COVerage: Region-Specific SARS-CoV-2 News Query Algorithm

Journal for High Schoolers

Authors

Vedavyas Mallela, Lena Pang, Aadit Trivedi, Annie Wang, Alice Zhou, Jonathan Mak, Cindy Ngyuen

Abstract

With the outbreak of SARS-CoV-2 (COVID-19), obtaining up-to-date, location-specific news has become increasingly important. However, with the rise of misinformation, region-specific, accurate, and user-relevant information becomes buried. Our primary research objective was to provide precise data to communities through a website that provides a categorical layout of accurate and region-specific information. Because COVID-19 policies vary by location, we believe providing region-specific news would help users in their day-to-day activities. While the global news on COVID-19 is still beneficial for general knowledge, it will not provide people with the specifics they need to know when going outside in their community. We created an algorithm that automates COVID-19 search engine queries for localized news specific to the user’s region. We also defined our metric that quantifies search query efficiency to fine-tune our query algorithm. Using this algorithm, we created a website called COVerage in which we display localized news separated into five COVID-19-specific categories to the user: policies, education, biology, economy, and statistics. Each news article is displayed with an image, an NLP model generated summary, and the top three most relevant keywords that help users find more articles related to those words. We also include a county-specific map to show up-to-date statistics on the number of cases based on the user’s location.

Figure 1. Website interface of our COVerage website. The left side displays most relevant news articles, each with a headline, summary, and tags. The right displays a map corresponding to the user’s location with up-to-date statistics.

Introduction

  1. SARS-CoV-2 and Misinformation

The SARS-CoV-2 (COVID-19) outbreak was initially reported on December 31, 2019, in Wuhan, China, but has rapidly spread into a pandemic, threatening lives globally. Due to the large scale of this issue, there has been a rise in misinformation as there is a higher demand for information and people are eager to share supposed “remedies”, “causes”, and other “news” about the coronavirus that is largely inaccurate and potentially even detrimental to the well-being of many. To help combat this issue, many recognized organizations, researchers, scientists, and public officials are focusing their efforts on providing trustworthy and up-to-date information that can be easily accessed by the general population. 

  1. Neural Networks

Neural networks are multi-layer algorithms that use machine learning to recognize patterns in data sets. Each layer in the network is made up of many neurons with a specific activation function and these specific functions affect the activations of the following layer. The networks process images or text as input and give outputs to train the network. As the inputs are passed through the hidden layers, the layers generate output. By applying and finding the best loss functions for the particular neural network [2], backpropagation nudges the network in the right direction and forms a stochastic gradient descent, thereby optimizing the model.
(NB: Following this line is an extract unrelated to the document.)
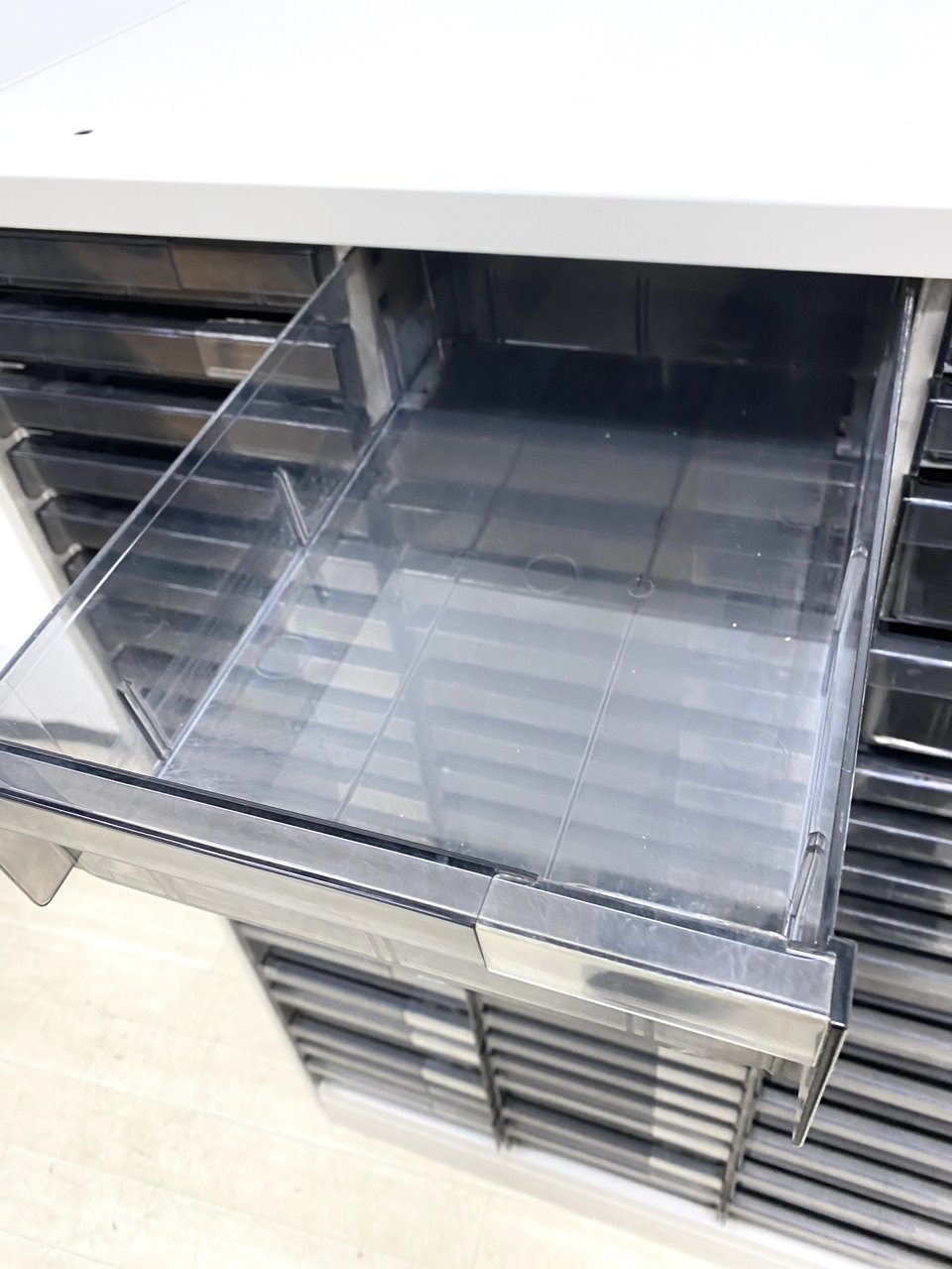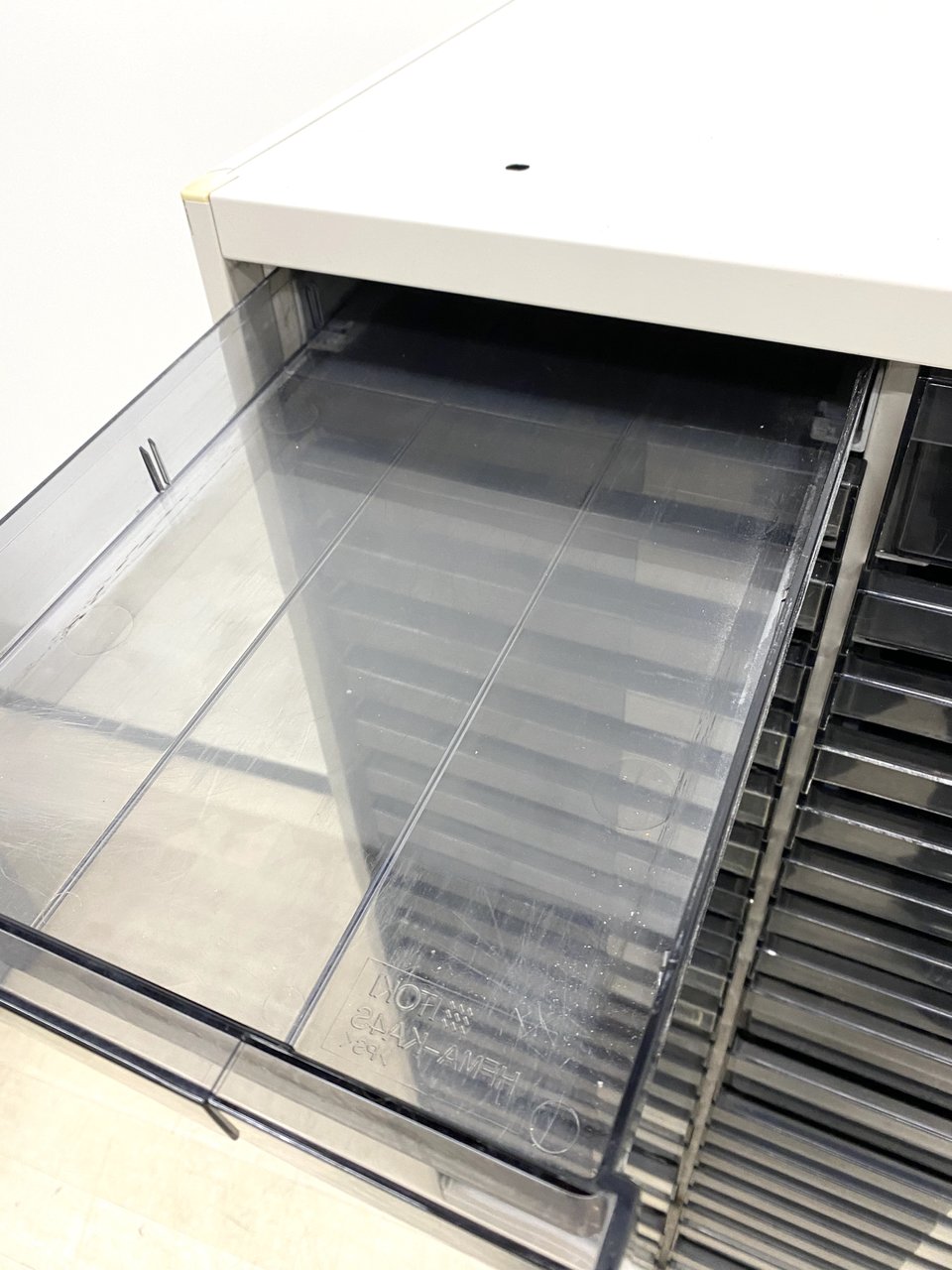 3列浅+深型トレイ混載型のクリスタルトレイ書庫入荷しました!全体的に使用感と部材欠け、トレイ割れが有るのでお安く!!- つくば店
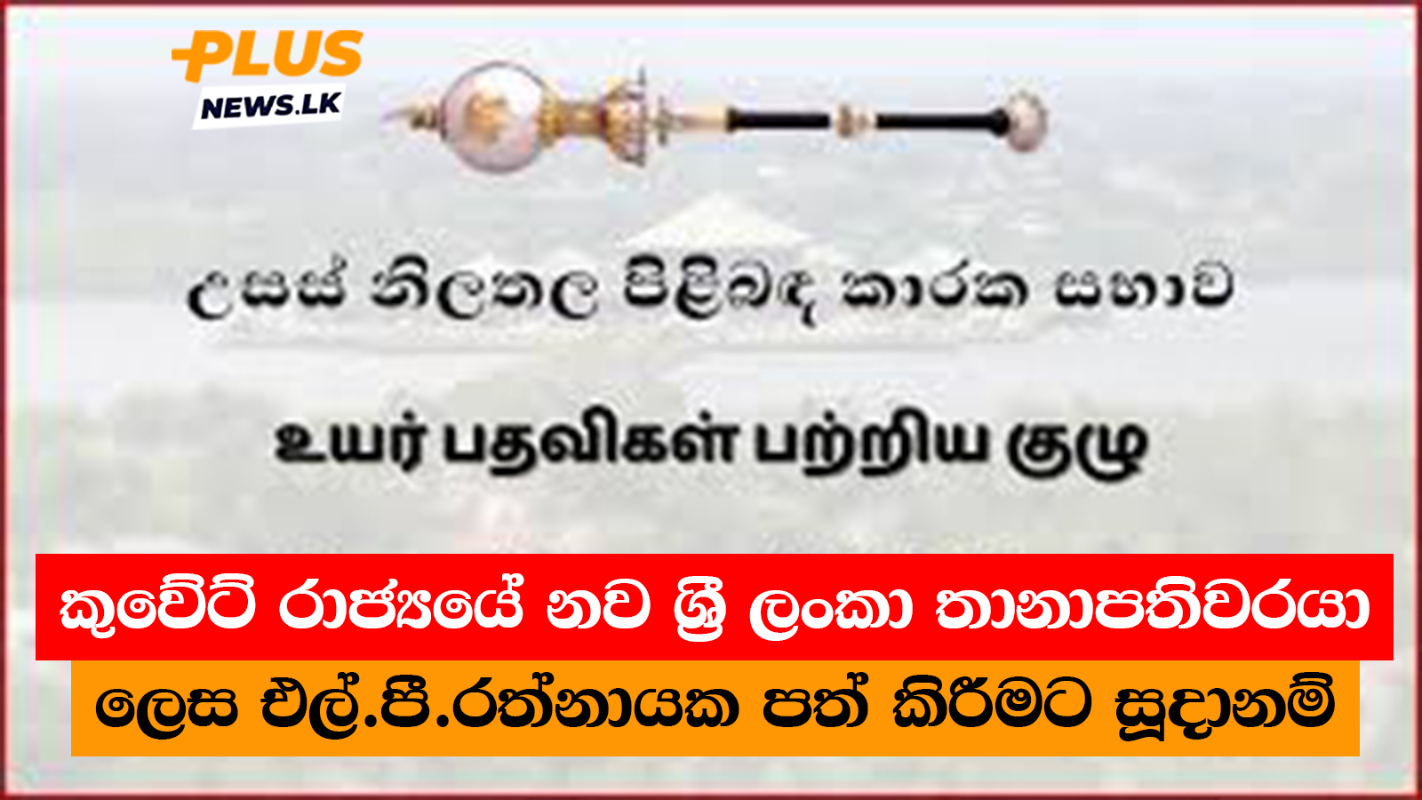 කුවේට් රාජ්යයේ නව ශ්රී ලංකා තානාපතිවරයා ලෙස එල්.පී.රත්නායක පත් කිරීම සඳහා පාර්ලිමේන්තුවේදී පසුගිය 18 වනදා උසස් නිලතල පිළිබඳ කාරක සභාවේ අනුමැතිය හිමිව තිබෙනවා.

Using these neural networks coupled with a language dataset, such as GPT-3, we can organize data from a wide range of online news sources. Artificial neural networks (ANN) can be used to classify many series of texts. The output of the algorithms is then implemented to formulate datasets that are later translated into words, providing an accurate and coherent summary of the problem.

  1. Natural Language Processing (NLP)

Natural Language Processing (NLP) is a field of machine learning that allows computers to analyze, understand, and generate human language [1]. NLP and text information retrieval (IR) research has begun to intersect, allowing for features such as sentiment analysis, machine translation, and extracting meaning from text. After gathering data, NLP allows for succinct text summarization without bias, utilizing existing language models like OpenAI’s GPT-3 to break down sentence meanings syntactically. 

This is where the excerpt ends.